# Linear Models and Validation Metrics




### In this assignment, you will need to write code that uses linear models to perform classification and regression tasks. You will also be asked to describe the process by which you came up with the code. More details can be found below. Please cite any websites or AI tools that you used to help you with this assignment.
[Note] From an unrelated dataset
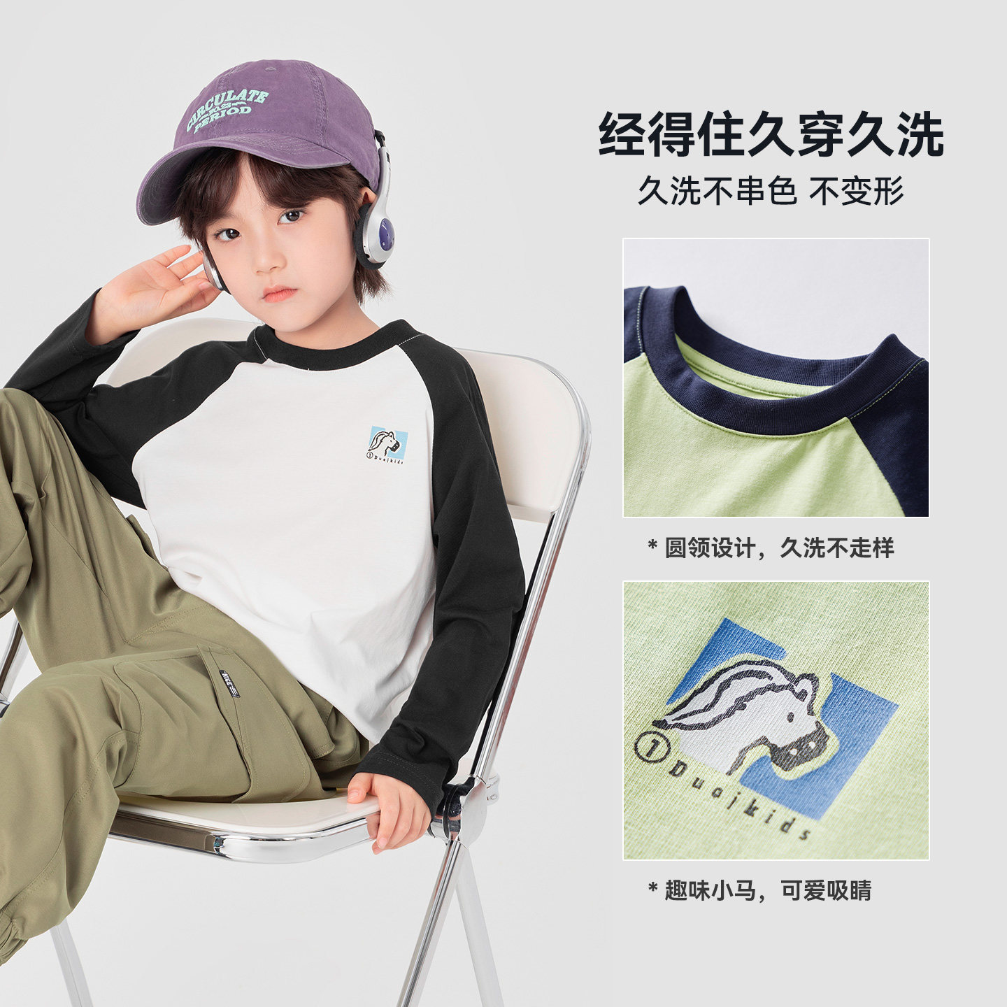 多多家男童长袖T恤纯棉2026新款春秋儿童中大童小马印花春装上衣

## Part 1: Classification 

You have been asked to develop code that can help the user determine if the email they have received is spam or not. Following the machine learning workflow described in class, write the relevant code in each of the steps below:

### Step 0: Import Libraries

In [1]:
import numpy as np
import pandas as pd

### Step 1: Data Input

The data used for this task can be downloaded using the yellowbrick library: 
https://www.scikit-yb.org/en/latest/api/datasets/spam.html

Use the yellowbrick function `load_spam()` to load the spam dataset into the feature matrix `X` and target vector `y`.

Print the size and type of `X` and `y`.

In [2]:
# TO DO: Import spam dataset from yellowbrick library
from yellowbrick.datasets import load_spam
X, y = load_spam() # X = feature matrix , y = target 

# TO DO: Print size and type of X and y
print("Size of X is {} and Size of y is {}".format(X.shape, y.shape))
print("\nType of X is {} \nType of y is {}".format(type(X), type(y)))  

Size of X is (4600, 57) and Size of y is (4600,)

Type of X is <class 'pandas.core.frame.DataFrame'> 
Type of y is <class 'pandas.core.series.Series'>


### Step 2: Data Processing 

Check to see if there are any missing values in the dataset. If necessary, select an appropriate method to fill-in the missing values.

In [3]:
# TO DO: Check if there are any missing values and fill them in if necessary

#checked data type of each column - no object type
X.dtypes
y.dtypes

#number of null values is 0
X_null = X.isnull().sum().sort_values(ascending=False)
y_null = y.isna().sum()

print("Number of null values in y dataset {} \nNumber of null values in X dataset \n{}".format(y_null, X_null))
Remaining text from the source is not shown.